La muerte de un ser querido provoca, en primer lugar, un importante daño afectivo a sus más allegados. Más tarde, a la pérdida moral, se suma otra patrimonial, debido al cobro de las comisiones bancarias por cambio de titularidad de valores tras el fallecimiento de su originario titular.
Quizás convenga poner un ejemplo práctico. En el caso de que una persona tenga en posesión determinados valores financieros, por ejemplo acciones o bonos. Los mismos, por necesidad legal, constan depositados en una entidad financiera a su nombre. Si dicha persona fallece se abre su herencia y dichos títulos se adjudican al heredero al que corresponda en virtud del título hereditario. Ello implicaría, desde el punto de vista jurídico, que dichos títulos, mediante un mero asiento o anotación, se asignaran al nuevo titular o heredero.
La atribución de dichos valores es involuntaria, desde el punto de vista del heredero, dado que procede de un hecho luctuoso para su persona, como consiste el fallecimiento de su familiar.
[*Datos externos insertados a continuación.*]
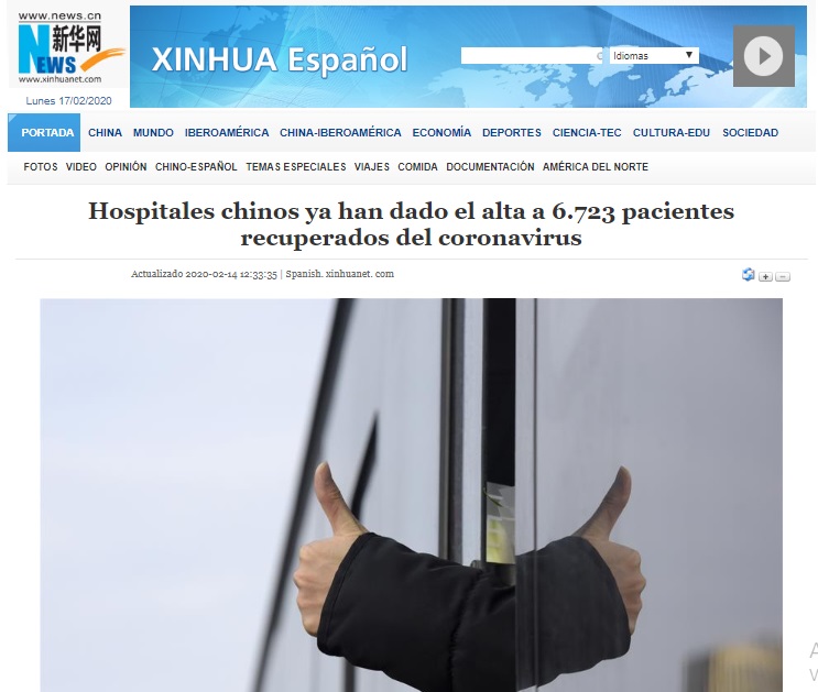 La agencia oficial de noticias China, Xinhua, reportó hasta el 14 de febrero 6.723 pacientes recuperados de la infección del COVID 19. De acuerdo a la Comisión Nacional de Salud China, fueron dados de alta de diferentes hospitales.
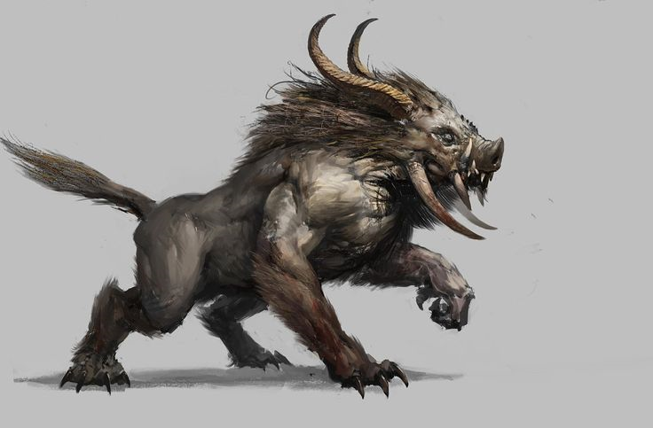 Сквозь короткую серую шерсть можно было увидеть перекатывающиеся жгуты мощнейших мышц, что свободно двигали огромную махину, словно та весила не тонны, а пару десятков килограмм. Сильные ноги вонзались в землю острейшими когтями постепенно лишь набирая скорость. Кабанья морда была украшена серой гривой, двумя острыми рогами торчащими из черепа‚ четырьмя бивнями, что росли из скул и торчащими из пасти клыками.

Pues bien, ante esta involuntariedad, y por el simple cambio de titularidad, las entidades cobran una comisión, que no sólo se aplica sobre el nominal del valor de la acción, sino sobre su valor efectivo de cotización real.
Esta actuación podría ponerse en entredicho por varios motivos:
.- No se trata de un servicio de cambio voluntariamente solicitado por el nuevo titular, ya que el cambio de titularidad se produce por un hecho natural: el fallecimiento del familiar.
.- El nuevo titular carece de voluntad de negociación con la entidad respecto al importe de esta comisión, y se ve conminado a aceptar la comisión impuesta unilateralmente por la entidad. Comisión, además, que desconoce, dado que no negoció la tarifa con la entidad, sino que fue el titular inicial quien lo hizo. A él le viene impuesta.
.- Se procede al cobro sobre el efectivo valor y no sobre el nominal depositado. En cuanto la tarifa, es la que imponga la entidad, dado que no suelen abrir margen alguno de negociación.